The building’s concrete ground level is a hub of indoor-outdoor workshops for more physically intensive art-making practices and fabrication. Emerging from this base, two mass timber pavilions house classrooms, art studios, and exhibition galleries. Leading onto a green-terraced landscape that unites the building’s lower and upper levels, the three-story Hooper Pavilion and one-story Irwin Pavilion are among the first exposed mass timber structures in California. 
 
With their expressive features, the pavilions showcase innovative structural design as well as the ambitious sustainability goals upheld by the California College of the Arts. The Type V-B structures incorporate glulam columns and beams, CLT floor and roof panels, and structural steel, optimizing the distinctive strengths of each material. The exterior of each pavilion is wrapped in a striking timber-steel hybrid eccentrically braced frame (EBF), which combines the stiffness of a concentrically braced frame with the ductility of a moment frame for use in high-seismic zones.  
 
The EBFs were formed using 12-inch-square glulam members, ebony-stained to match the steel. Each was attached to a knife plate using steel dowels, and the plates connect with a single pin to the horizontal perimeter beams wrapping the buildings. Engineers designed the pins so the timber members are only subjected to axial loads, simplifying the connection by providing rotational freedom.  
 
To meet San Francisco’s challenging seismic requirements, engineers decoupled the gravity and lateral systems. The mass timber gravity systems—3-ply CLT panels with glulam beams, girders, and columns—were carefully detailed with consideration for lateral seismic drift. The EBF lateral systems are slightly offset from the gravity structures and wrapped around the building perimeters, adding robustness and ductility. In addition, seated glulam beam and column base connections were designed with slotted holes to avoid inhibiting the rotations of the members, which could happen with lateral building displacement. Because CLT diaphragms were not prescriptively recognized in the code at the time the project was permitted, concrete floor toppings are used as the diaphragms and are tied to the horizontal perimeter beams.
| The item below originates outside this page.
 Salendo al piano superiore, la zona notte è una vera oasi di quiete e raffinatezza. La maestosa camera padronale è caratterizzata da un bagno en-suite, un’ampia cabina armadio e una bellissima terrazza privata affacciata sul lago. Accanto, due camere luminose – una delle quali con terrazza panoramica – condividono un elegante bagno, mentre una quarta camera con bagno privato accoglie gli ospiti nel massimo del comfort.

This groundbreaking seismic design underwent a rigorous peer review to validate the approach. 
 
The glulam was preservative pressure treated in accordance with American Wood Protection Association (AWPA) Use Category 3B (UC3B), intended for exterior applications where the wood is not in direct contact with the ground. Dowels and fasteners were installed only from the inside of the building, avoiding exposed holes on the exterior. The braced frames were also fabricated with drip edges at the ends, and a saw cut for the connecting knife plate was added to the underside of each brace to prevent water from becoming trapped.